Apart from the images, every record here needs to be copied exactly.

----

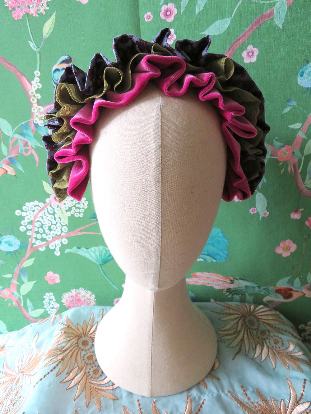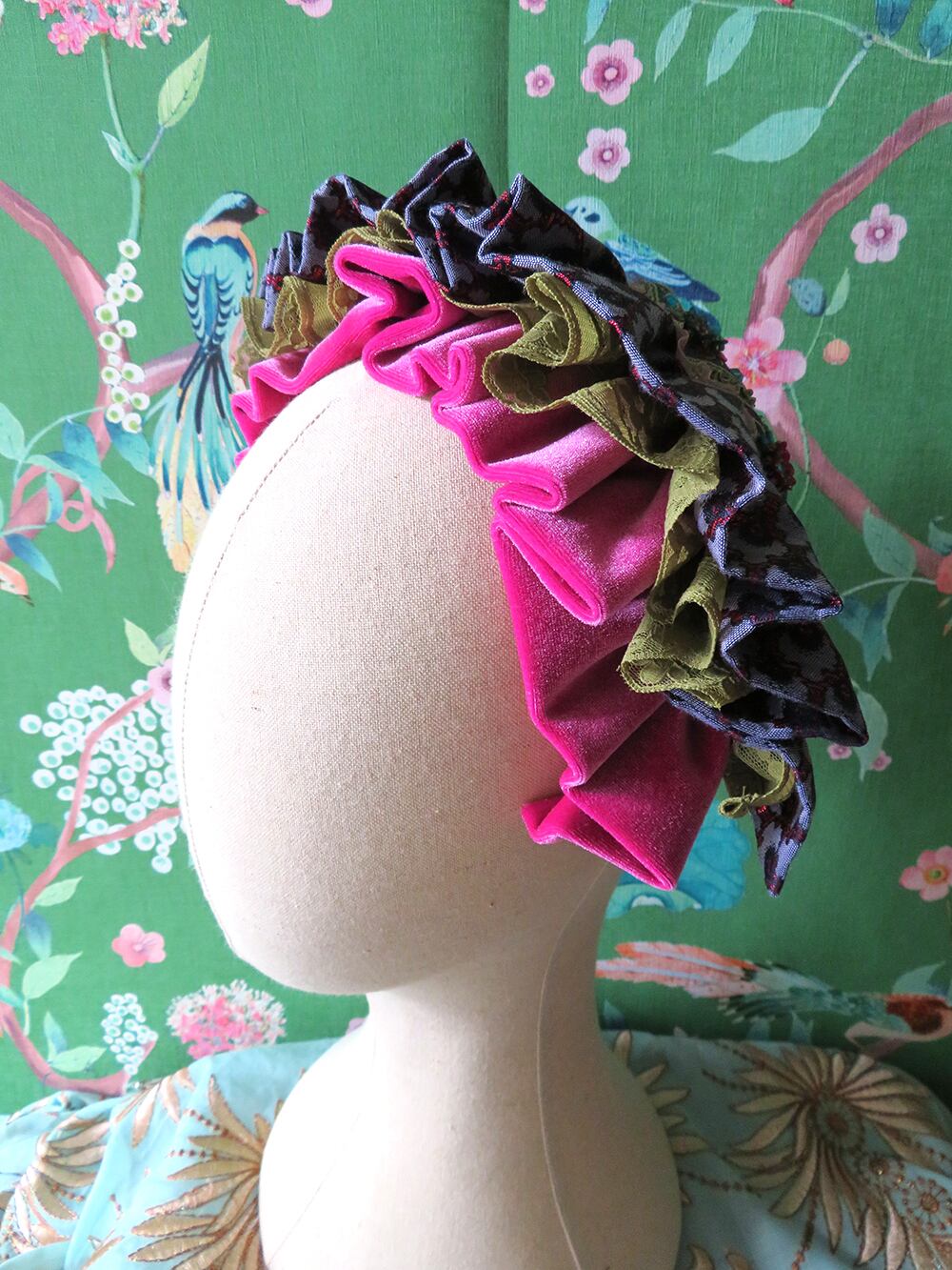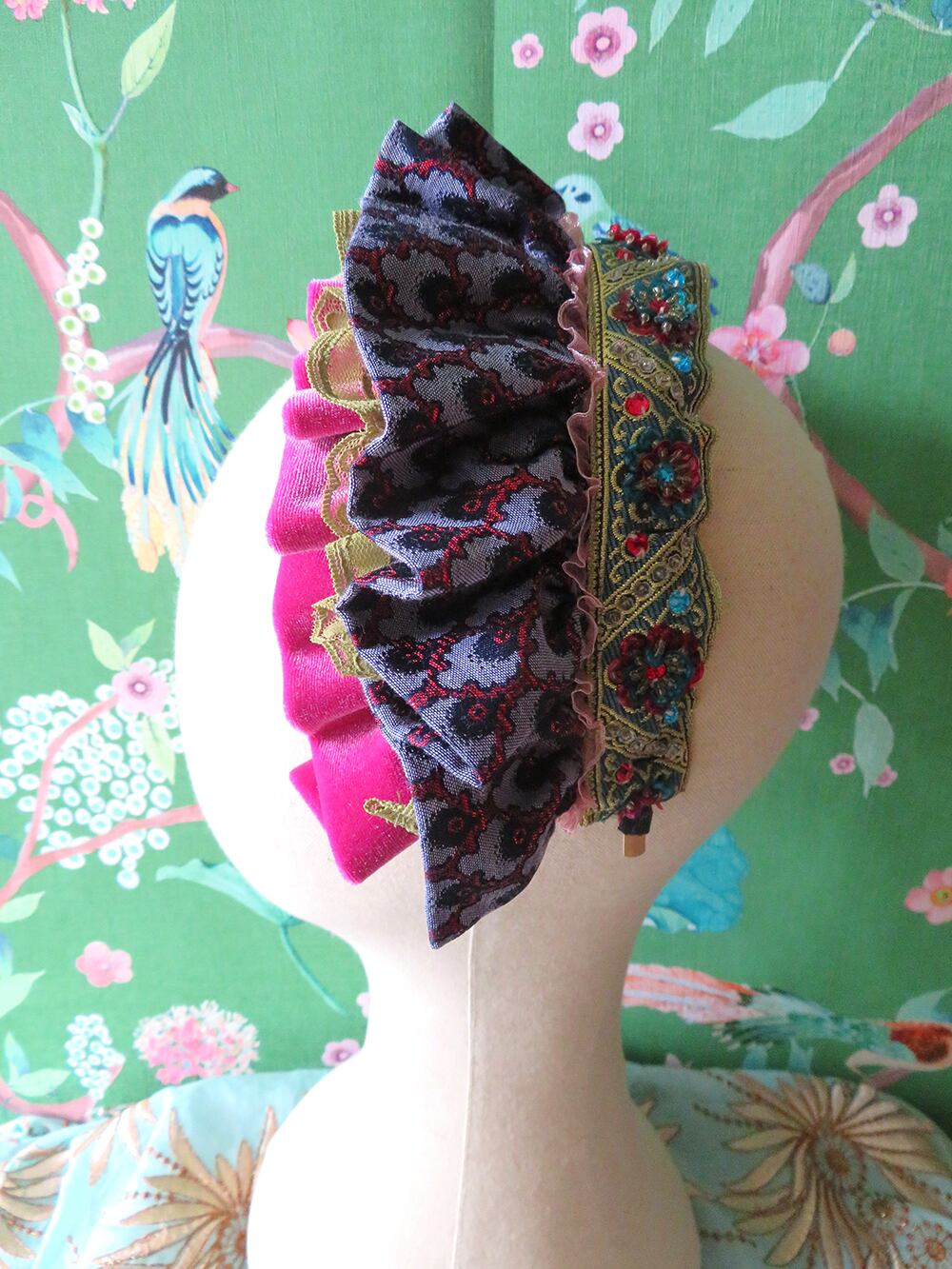 サイドとフロントでシルエットと配色のイメージが異なる印象を受ける、不思議なカチューシャです。
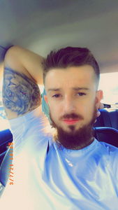 A stylish man leans against a car, showcasing his tattoos and beard. He sports a casual look in a selfie shot from the side of the car. His tattoos add a unique touch to his appearance.
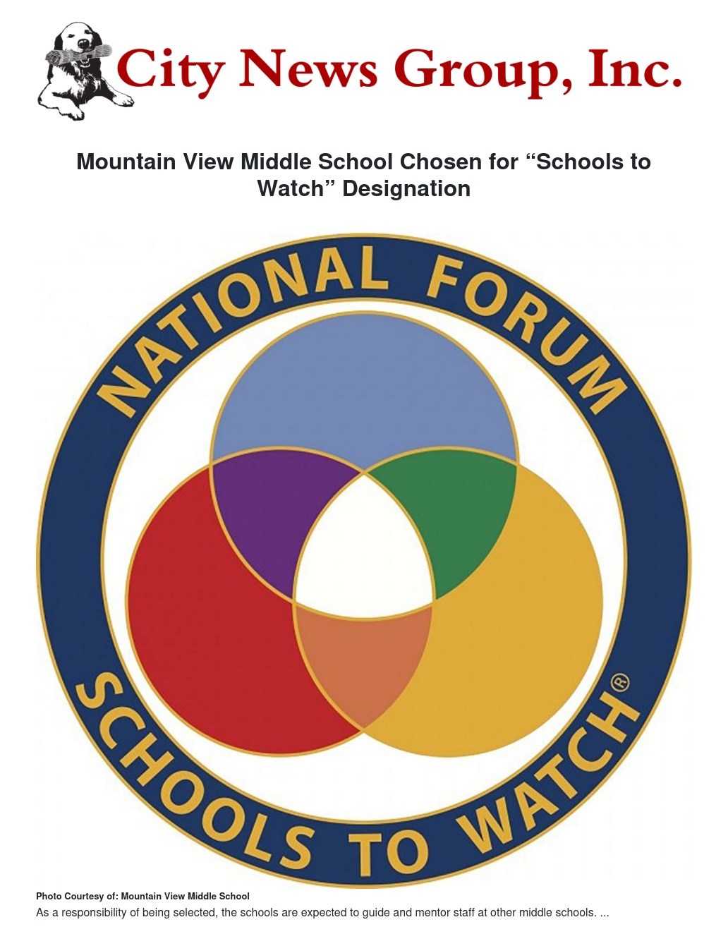 “Middle school is an important time for adolescents, and I am proud to see the hard work of Mountain View Middle School’s teachers, administrators and Principal Jon Black be recognized for meeting the challenge of helping our students be successful,” said Superintendent Dr. Martinrex Kedziora.
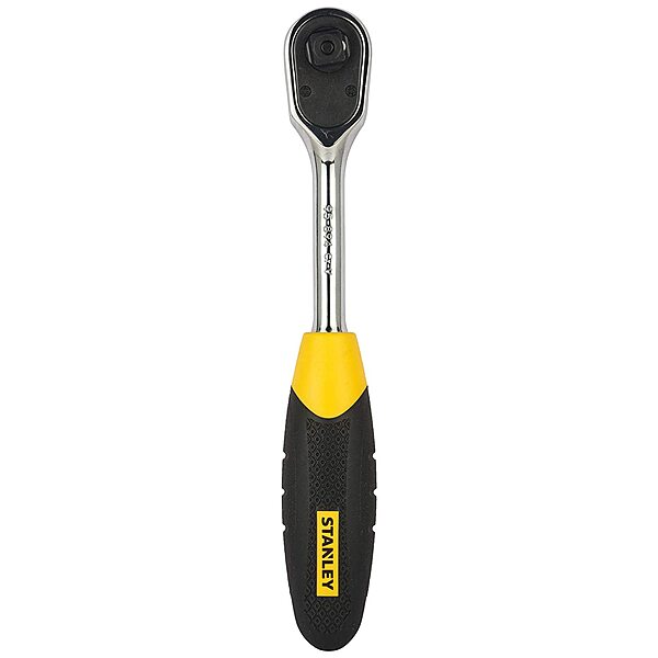 The STANLEY STMT95894-8B is a 3/8" drive pear head ratchet designed for durability and ease of use. Crafted from high-quality chrome vanadium steel, it features a quick-release mechanism for secure socket retention and easy removal. The ergonomic bimaterial handle offers a comfortable grip, while the compact pear head design allows access to tight spaces. Ideal for automotive, industrial, and general maintenance tasks.
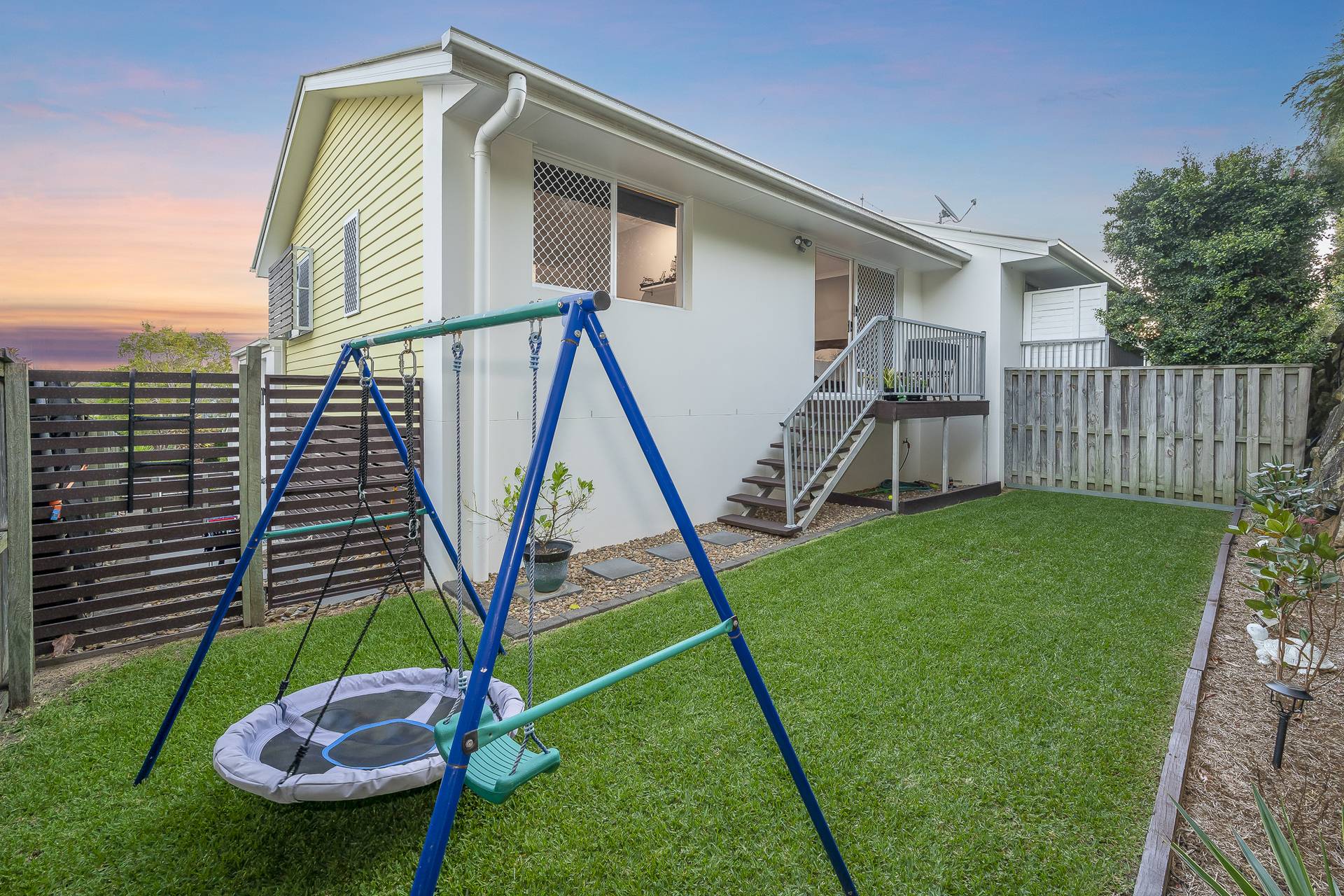 Rear stairs lead to the fully fenced, grassed backyard, perfect for kids to play. A feature rock wall and terraced gardens add greenery and privacy, and a side gate allows for easy access to the yard.

----

SOLUTION:
 サイドとフロントでシルエットと配色のイメージが異なる印象を受ける、不思議なカチューシャです。
 A stylish man leans against a car, showcasing his tattoos and beard. He sports a casual look in a selfie shot from the side of the car. His tattoos add a unique touch to his appearance.
 “Middle school is an important time for adolescents, and I am proud to see the hard work of Mountain View Middle School’s teachers, administrators and Principal Jon Black be recognized for meeting the challenge of helping our students be successful,” said Superintendent Dr. Martinrex Kedziora.
 The STANLEY STMT95894-8B is a 3/8" drive pear head ratchet designed for durability and ease of use. Crafted from high-quality chrome vanadium steel, it features a quick-release mechanism for secure socket retention and easy removal. The ergonomic bimaterial handle offers a comfortable grip, while the compact pear head design allows access to tight spaces. Ideal for automotive, industrial, and general maintenance tasks.
 Rear stairs lead to the fully fenced, grassed backyard, perfect for kids to play. A feature rock wall and terraced gardens add greenery and privacy, and a side gate allows for easy access to the yard.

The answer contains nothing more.